倒産のリスクが高くなる点も、赤字経営のデメリットの1つです。

 

前提として、赤字経営の場合に必ず倒産するわけではありません。

倒産の主な原因は資金繰りの悪化であり、たとえ黒字状態でも現預金がなければ倒産の恐れがあります。

言い換えれば、赤字経営でも現預金に余裕があれば倒産のリスクは低いです。

 

しかし、赤字状態が続けば収入は低く支出ばかりとなります。

つまり経営が成り立たず、いずれ資金繰りが悪化する可能性があるということです。

 

赤字状態になってすぐに倒産するとは限りませんが、赤字状態が続けば倒産のリスクが高いのは事実でしょう。

赤字の個人事業主が確定申告するときの書類作成方法

個人事業主が赤字を計上した際は、「申告書第四表(損失申告用)」の提出義務が発生します。申告書は二部構成となっており、それぞれ必要事項を記入しなければなりません。

なお、繰越損失がない場合は、申告書第四表(二)の作成は不要です。

【申告書第四表(一)の記入方法】

申告書第四表(一)は、当年度の損失や損益通算を申告するための書類です。記入の際は、以下の点を押さえましょう。

  1. 1. 申告する年度を記入し、「申告書」欄の前に「確定」と明記する
  2. 2. 住所・氏名・フリガナを記入する
  3. 3. 確定申告第一表の所得金額等(1)~(6)の合計と(10)の金額を足す
  4. 4. 算出した金額を「1 損失額又は所得金額」「2 損益の通算」の「66」欄に記入
  5. 5. 山林所得や譲渡所得がある場合は、B~Fの該当箇所に記載
  6. 6. 損益通算を行う場合、「2 損益の通算」欄に算出した金額を記入
  7. 7. 「80」欄に損失の合計金額を記載

【申告書第四表(二)の記入方法】

申告書第四表(二)は、翌年以降に繰り越す損失額を申告するための書類です。

  1. 1. 「3 翌年以後に繰り越す損失額」の「81」欄に金額を記入
  2. 2. 該当する箇所があれば、それぞれの欄に記載
  3. 3. 赤字の金額を記載する際は、金額の前に「△」マークをつける

正しく記入し、損失の繰越控除を活用すれば、翌年以降の節税につながる可能性があります。

 

参考:「申告書第四表(損失申告用)」国税庁

赤字の個人事業主でも使える資金調達方法4選

赤字の状況では資金調達が難しいと感じるかもしれませんが、解決策はあります。事業が赤字でも利用できる資金調達方法をいくつかご紹介します。

【赤字でも利用できる資金調達方法】

  • ・ファクタリング
  • ・リースバック
  • ・不動産担保ローン
  • ・不動産売却

それぞれの方法について詳しく解説します。

ファクタリング

赤字の影響を受けずに資金を調達できる方法として、「ファクタリング」があります。

ファクタリングとは売掛金をファクタリング会社に売却し、資金化できる金融サービスのことです。

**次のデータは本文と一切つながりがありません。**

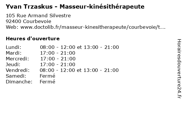 | Vendredi | 08:00-12:00 et 13:00-21:00 |
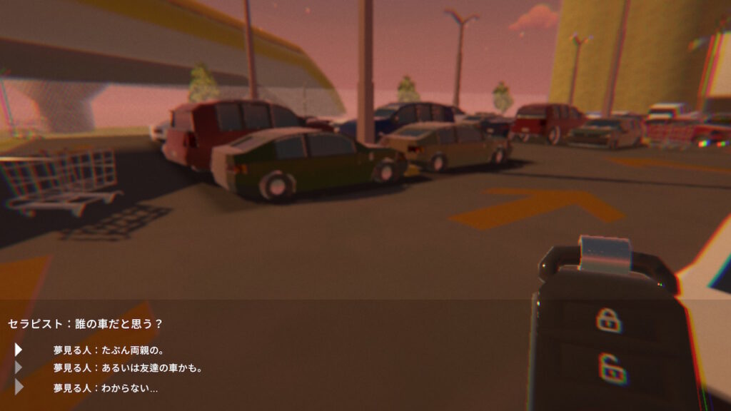一人の夢を見る人物の視点となり、セラピストとの対話と並行しながら夢世界の駐車場をひたすら散策する―、本作「A Dream About Parking Lots」はそんなルールを伴う何とも奇妙なウォーキングシミュレーターだ。

ファクタリングを利用する際は審査が必要ですが、審査の焦点は利用者ではなく、売掛先の信用度にあります。そのため、個人事業主が赤字でも利用可能です。

さらに、創業間もない場合や税金の滞納がある場合でも利用できるのが特徴です。

 

【ファクタリングのメリット】

  • ・売掛金の未回収リスクを軽減できる
  • ・最短即日で資金調達が可能
  • ・信用情報に影響しない

ただし、売掛金がないと利用できないため、その点には注意が必要です。

リースバック

赤字の個人事業主でも資金調達可能な方法として、「リースバック」があります。

リースバックとは不動産を売却して資金を得つつ、買主とリース契約を結び、そのまま利用を継続できる仕組みのことです。

この方法を利用すれば、融資を受けることなくまとまった資金を確保できます。

【リースバックのメリット】

  • ・売却してもそのまま使用可能
  • ・将来的に買い戻すこともできる
  • ・売却したことを周囲に知られずに済む

ただし、リース料の支払いが発生することや、売却価格が相場より低くなる可能性があるため、慎重に判断する必要があります。

不動産担保ローン

赤字でも利用可能な資金調達方法として、「不動産担保ローン」があります。

不動産担保ローンとは、自己所有の不動産を担保に提供し、融資を受けるローンのことです。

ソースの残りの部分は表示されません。